Deborah Jack
Deborah Jack
Jack uses video/sound installations, photography, painting and text work to explore trans-cultural existence, colonialism and mythology through memory. She has shown in solo and group shows worldwide.
Her works often explore scale, whether monumental as in SHORE or miniature such as her Bounty series from Bonaire salt mountains.
Early Life and Education
Deborah (or Debora in some versions of the bible) was an ancient biblical prophetess who led Israel’s forces to victory against Canaanite enemies during the 12th century B.C. She is revered as one of their champions.
Jack is an internationally acclaimed visual artist whose works explore trans-cultural existence, memory and its effects through rememory. Her video/sound installation, photography, painting and text works use multiple strategies to investigate how culture intersects with ecology in today’s globalized environment.
Love, Ruby Lavender was a New York Times bestseller and an American Library Association Notable Book; Ezra Jack Keats Books for Reading and Sharing selection; Bank Street Fiction Award recipient. Additionally, both Each Little Bird That Sings and Freedom Summer were nominated for National Book Awards and featured as Library Sense 76 selections.
Professional Career
Deborah Jack is both an artist and poet whose work explores how personal history connects to landscape and natural phenomena. Her artwork has been featured in solo and group exhibitions across Europe and the Caribbean; two poetry collections of hers titled Rainy Season and Skin have also been released and have been included in literary journals like Calabash and Caribbean Writer.
Jack uses her island home’s seascape and landscape as both subject matter and medium in her practice, employing video/sound installation, photography, painting and text as tools to mine intersections between colonial histories, cultural memory, ecology and climate change. Her work subtly disrupts tropical fantasies by playing with scale.
Achievement and Honors
Deborah Jack has won multiple awards as a visual artist. She has participated in multiple literary festivals including Utan Kayu Literary Bienale and Global Poetry Festival; as well as giving readings and teaching writing workshops worldwide.
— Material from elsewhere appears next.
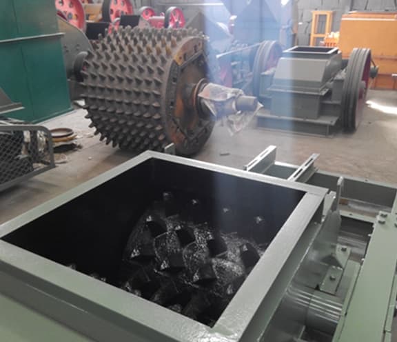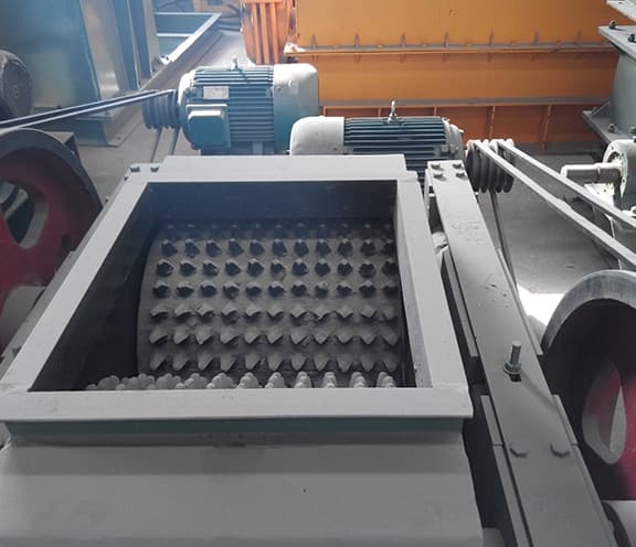 Les deux ensembles  ; d'arbres à rouleaux entraînés individuellement sont utilisés pour broyer le matériau grâce à la force de broyage et à la force de cisaillement générées par  ; la rotation relative. Après avoir pénétré dans la chambre de broyage, le matériau est soumis à la force de l'arbre à rouleaux en rotation et forcé de passer entre les deux rouleaux. En même temps, le matériau commence à être brisé par l'écrasement et le cisaillement de l'arbre du rouleau. Les petites particules brisées se déplacent le long de la tangente du rouleau de rotation et sont projetées sous la machine à travers l'espace entre les deux rouleaux.

She is also a published poet, having produced two collections of poetry. Her works have appeared in publications like The Caribbean Writer and Calabash.
Her artwork explores the turbulent history of her homeland and the effects of colonialism on culture, tradition, and family. Recurring themes include sea life in relation to black people as well as lens-based media to illustrate these wider concerns. Furthermore, she believes that landscape itself holds many Black histories which often go unexamined in archives.
Personal Life
Deborah Jack is a visual artist and poet specializing in video/sound installation, photography, painting and text. Her work examines trans-cultural existence, memory and the effects of colonialism on family, culture and tradition; using various strategies she exploits the intersections among histories, cultural memory, ecology and climate change as she navigates a global present.
As a multidisciplinary artist, she explores natural spaces as sites of cultural memory and knowledge to tell tales of past and present, loss and trauma, healing and transformation. As a Black femme writer/poet with two poetry collections under her belt – exploring Black femme literary traditions as well as strategies of survival; receiving several grants and awards including a Lightwork residency residency award – and her works having been shown internationally,
Net Worth
Deborah is a multi-disciplinary artist working across video/sound installation, photography, painting and text. In addition to these practices, Deborah also serves as a college instructor and has published two poetry collections; performing them across the Caribbean, United States and Indonesia.
She boasts an estimated net worth of $5 Million and invests in various ventures. A regular participant on TV show Dragons’ Den, she has invested in 33 businesses.
Eugene Levy and Sarah have two children together: Daniel co-created Schitt’s Creek which earned numerous award nominations and several wins; Eugene himself has an estimated net worth of $20 Million while her assets minus debts equal her net worth.